Например, в руках Фрэнка Шарплесса.
Достаточно обратиться в полицию, и…
Вики с омерзением отвергла эту предательскую мысль. Артур – ее муж, и невозможно делить с кем-то свою жизнь, дом, спальню – два года, двадцать четыре месяца, бог знает сколько часов, – не испытывая к этому человеку хотя бы умеренной симпатии. Что бы ни случилось, мужа надо оберегать.
Честное слово, Вики уже не помнила, почему вышла за него замуж. Прошлое сделалось нереальным. Его затянуло туманной пеленой. Два года назад Артур казался ей человеком довольно пылким, байронического типа; кроме того, указывала мать, девушке пора замуж. И снова опасные мысли… Резвятся в голове, будто сатиры.
– Милая моя, – заботливо произнес Хьюберт Фейн, в очередной раз прочистив горло, – вам нездоровится. Должно быть, здесь слишком жарко.
Услышав это, Вики замерла у камина, после чего на нее напал истерический смех.
– Тсс! – повторил дядя Хьюберт. – Однако, поскольку мы не в состоянии сменить тему разговора, не позволите ли затронуть деликатный вопрос?
– Разве бывают вопросы деликатнее того, что мы сейчас обсуждаем? – осведомилась Вики.
– Не вижу причин, по которым этот прискорбный случай должен испортить нам жизнь, – объяснил Хьюберт.
– Теперь, когда любой звонок в дверь может означать… – начала Вики.
– Нет, это вряд ли, – задумчиво остановил ее дядя Хьюберт, – ведь наш Артур спланировал все с присущей ему дотошностью. Но позвольте договорить, милая. С возрастом понимаешь, что в основе любой нераскрытой лжи лежит компромисс.
– Вот бы полисмены придерживались такого же мнения!
Но Хьюберт оставался непоколебим.
– Артур оценил бы эти слова по достоинству, – не без удовольствия продолжил он, – а теперь перейду к сути дела. Будучи любящим дядюшкой, пусть и не родным для вас, я не мог не заметить, что ваш брак, имеющий все внешние признаки удачного, не вызывает вопросов у окружающих, но и не лишен своих трудностей.
Вики промолчала.
– Как юная дама, вы, несомненно, обожаете мужское общество. – Хьюберт сделал паузу. – К примеру, общество капитана Шарплесса.
Вики вздрогнула. Хорошо, что она стояла к дяде Хьюберту спиной и старый плут не увидел, как изменился цвет ее лица – нет, не из чувства вины, но от досады, что этот пройдоха подмечает все на свете. «Что, теперь он и меня станет шантажировать?» – лихорадочно думала она.

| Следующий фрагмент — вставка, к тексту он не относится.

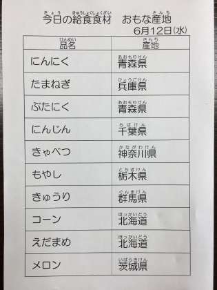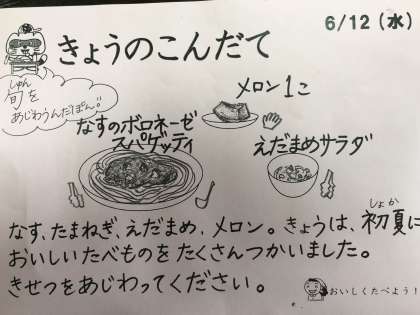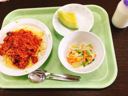 今日は、なすのボロネーゼスパゲティ、枝豆サラダ、メロン、牛乳です。
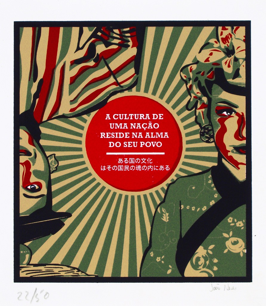 Screen printing designed for the JP_PT Project, an initiative by IADE and the KOOGEI Institute in Tokyo, around the theme: Portugal/Japan - Cultural Contrasts.

– В вопросах общения с противоположным полом то же самое относится и к нашему Артуру, – вещал Хьюберт. – Вы же замечали, что он находит мисс Энн Браунинг чрезвычайно привлекательной?
И снова Вики промолчала.
– Ну вот! – просиял дядя Хьюберт и подмигнул ей, словно благосклонное божество. – Как гласит затасканная поговорка, сам живи и другим не мешай. Если обе стороны проявят должную осмотрительность, не вижу причин забивать голову судьбой Полли Аллен; в конце концов, пусть с ней разбираются библейские авторитеты. Что сделано, то сделано. Размышлять над этим неприятно и невыгодно. Куда лучше жить дружно и счастливо. Думается, при желании я сумел бы подтвердить эти слова цитатой из Священного Писания.
Вики сделалось тошно.
– Вы что угодно подтвердили бы цитатой из Священного Писания! – выпалила она и развернулась, придерживаясь за край каминной полки. – Вы шанта…

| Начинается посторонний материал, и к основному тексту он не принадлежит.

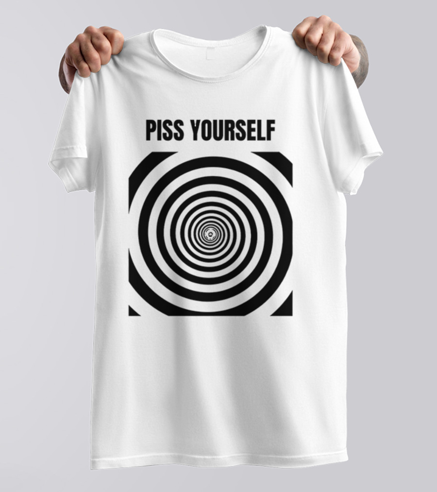 Sillyteestudio Piss Yourself Hypnotic Spiral Shirt made from 100% pre-shrunk ring-spun cotton, unisex regular fit based on U.S. standard sizing. The shirt is designed, cut, sewn, and printed in the United States. Available in sizes S-5XL.

– Милая моя, – с искренней озабоченностью перебил ее Хьюберт, – ну зачем вы себя накручиваете? Это вредно для здоровья. Главное, помните: вы должны выглядеть наилучшим образом и вести себя так, будто ничего не случилось. Если не ошибаюсь, сегодня на ужин придут капитан Шарплесс и мисс Браунинг. – Он умолк и задумался. – Ах да, припоминаю… Я взял на себя смелость пригласить еще одного гостя.
– О господи!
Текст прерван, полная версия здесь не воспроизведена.